# Favorite Christopher Reeve Movie?



## Steve Mehs (Mar 21, 2002)

In honor of Superman, what are your favorite Reeve movies? Superman or something else? Myself, I didn’t care for the Superman series, but I have seen quite a bit of his other films, my two favorites are Village of the Damned and the TV remake of Hitchcock’s Rear Window. Out of the two Rear Window is my favorite, never did see the original but the remake was suspenseful and the movie really hit some emotions as he pretty much played himself. He was a great actor, brave man and will never be forgotten for his work both on and off the screen.


----------



## Mike D-CO5 (Mar 12, 2003)

Somewhere in Time was my favorite Chris Reeve movie. Jane Seymour was hot in that movie too. I love time travel fantasy movies.


----------



## Mark Lamutt (Mar 24, 2002)

I'm still in the Superman camp - I'll never forget the day that I saw it for the first time sitting in the theater.


----------



## Sandman (Sep 23, 2002)

Above Suspicion
It was one where he found out his wife was sleeping with his brother, he pretended to be paralized from an accident, then murdered them, when they tried to prove he was the killer, he was in court and the da took a pencil and jabbed it into his leg, expecting him to jump, he just sat there as if he was really paralized, when he became paralized from the horse fall, this movie was the first thing that came to my mind. 

Bob


----------



## jrjcd (Apr 23, 2002)

street smart comes to mind(esp as a change of pace type role), deathtrap, and remains of the day


----------



## BobMurdoch (Apr 24, 2002)

1. Superman II
2. Deathtrap
3. Noises Off.


----------



## bobsupra (Jul 12, 2002)

Even tho a chic flix, I liked (and the critics didn't):

The Remains of the Day


----------



## invaliduser88 (Apr 23, 2002)

Original Superman!
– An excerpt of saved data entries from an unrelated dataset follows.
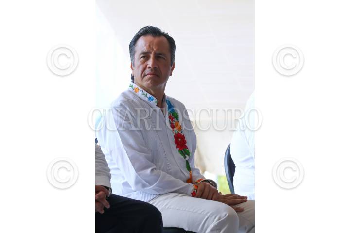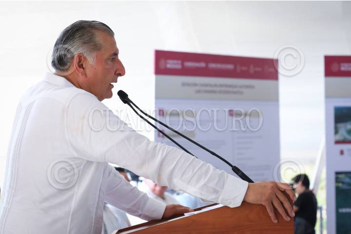 Cuitláhuac García durante la inaguración del entronque de la carretera Choapas-Ocozocoautla
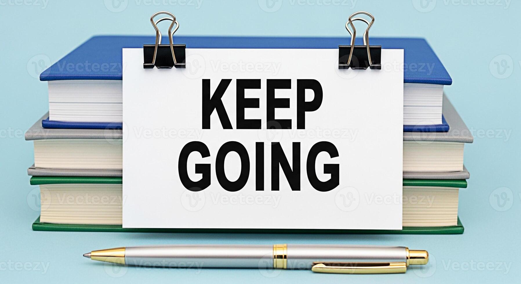 Stack of colorful books displaying a motivational message Keep Going on a white card with binder clips alongside a sleek silver pen on a light blue surface conveying a message of perseverance and enco Pro Photo
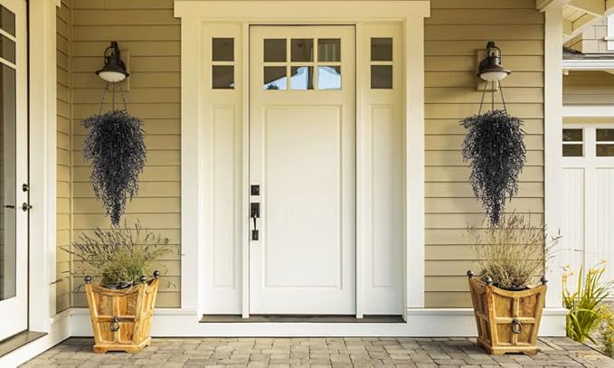 - Exquisite Decoration:This artificial plants lavender is designed for home decoration,you can easily hang it on the wall,doors,fences,windowsill,TV wall,swing,mirrors,banisters and anywhere. These lifelike lavenders lend gorgeous charm to your front porch, walkway, patio, and garden
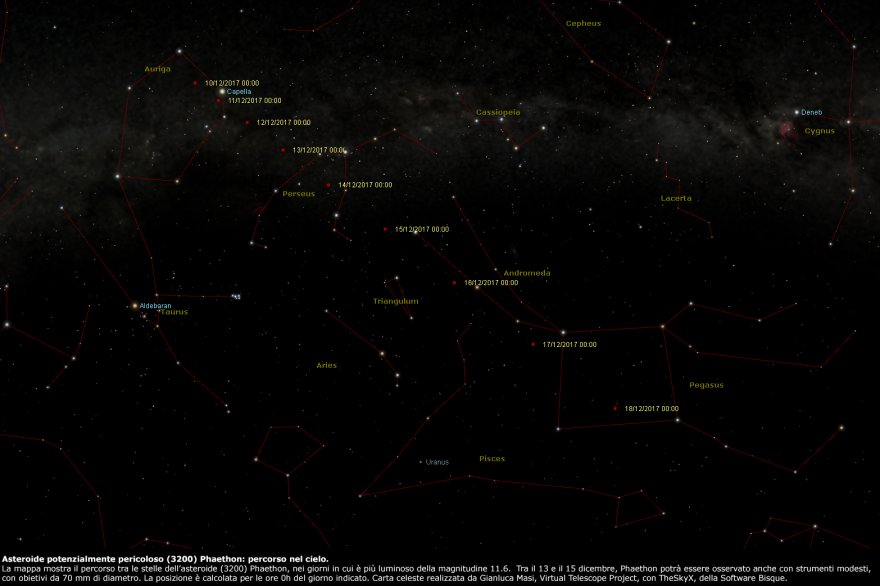 Mi riferisco a 3200 Phaeton che è entrato nelle cronache perché c'è la conferma che il 16 dicembre raggiungerà la distanza di 6,4 milioni di miglia dalla Terra. Sarà il punto più vicino alla Terra in cui questo asteroide si troverà dal dicembre 1974, quando era a circa 5 milioni di miglia di distanza.
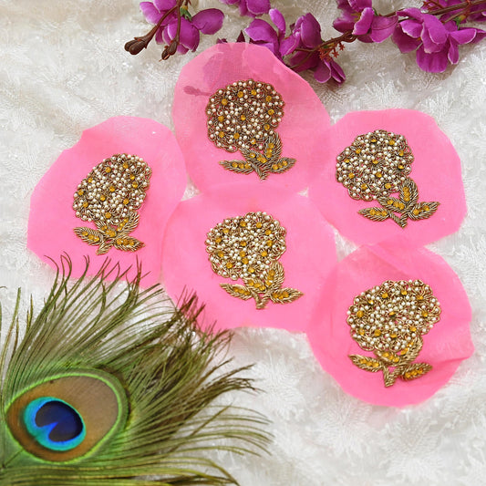 Indian Vintage Pink Pure Georgette Silk Appliques Set of 5 Hand-Embroidered Floral Patches with Zardozi, Dabka, for Craft, Journals 3x2"
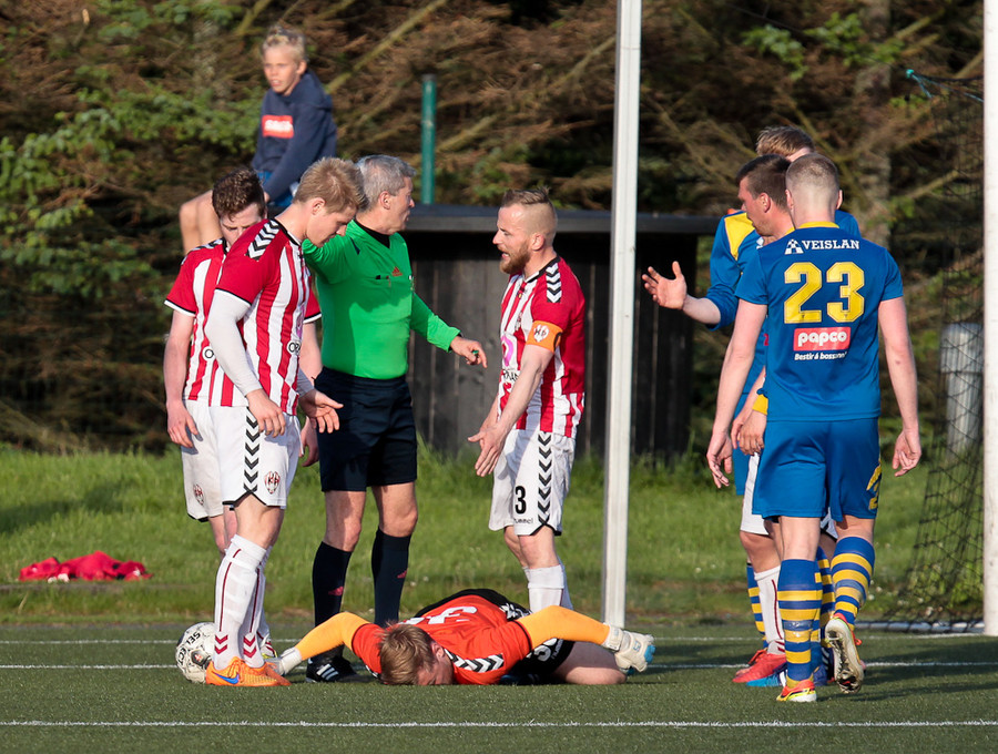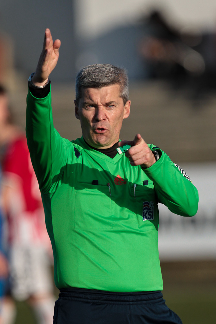 Liðin eru mætt út á völlinn. Fámennt á áhorfendapöllunum. Dómari kvöldsins kemur frá Akureyri og heitir Valdimar Pálsson.

Reeves + John Williams score. What a combination.


----------



## Steveox (Apr 21, 2004)

Superman I
Superman II 
Superman IV


----------



## Capmeister (Sep 16, 2003)

Steveox said:


> Superman I
> Superman II
> Superman IV


You liked Superman IV?

I see.

:sure:


----------



## Adam Richey (Mar 25, 2002)

I think Reeve was at least as good a director as he was an actor. I agree that Somewhere in Time was a great movie, but I think In the Gloaming was his best directorial work by far.


----------



## toomuchtv (May 17, 2002)

invaliduser88 said:


> Original Superman! Reeves + John Williams score. What a combination.


I agree that the Williams score is fantastic; however, I don't share your appreciation of Reeve. I never thought much of his acting. I did enjoy "Somewhere In Time" for the story and Jane Seymour - not Reeve. While his last years were testimony to his great effort of will, I was not a fan.


----------



## Tusk (Nov 14, 2002)

I would vote:

1. Superman
2. Superman 2
3. Noises Off

I would highly recommend Noises Off if you have not seen it. It has a great ensemble cast and is very witty along the lines of a British comedy.


----------



## BobMurdoch (Apr 24, 2002)

And Noises Off has Nicolette Sheridan (circa mid nineties) running around in white thigh high stockings, a G String, and a demicup bra for a third of the film.

I do appreciate the gifted thespians......


----------



## Tusk (Nov 14, 2002)

BobMurdoch said:


> And Noises Off has Nicolette Sheridan (circa mid nineties) running around in white thigh high stockings, a G String, and a demicup bra for a third of the film.
> 
> I do appreciate the gifted thespians......


 :righton: Should have said that from the start.


----------



## cdru (Dec 4, 2003)

The Superman series. 

I rember watching one of them as a kid and being scared of one scene. I don't remember which one it was, but there was a large machine or something underground, and a guy gets attached to it or hooked up or tangled. I just remember bits and pieces, but him opening his eyes and them being grey just freaked me out. I was 4 at the time so it was 21 years ago...maybe it wasn't even a Superman. Everytime it was on I knew I was able to sleep in mom and dad's bed that night due to nightmares.


----------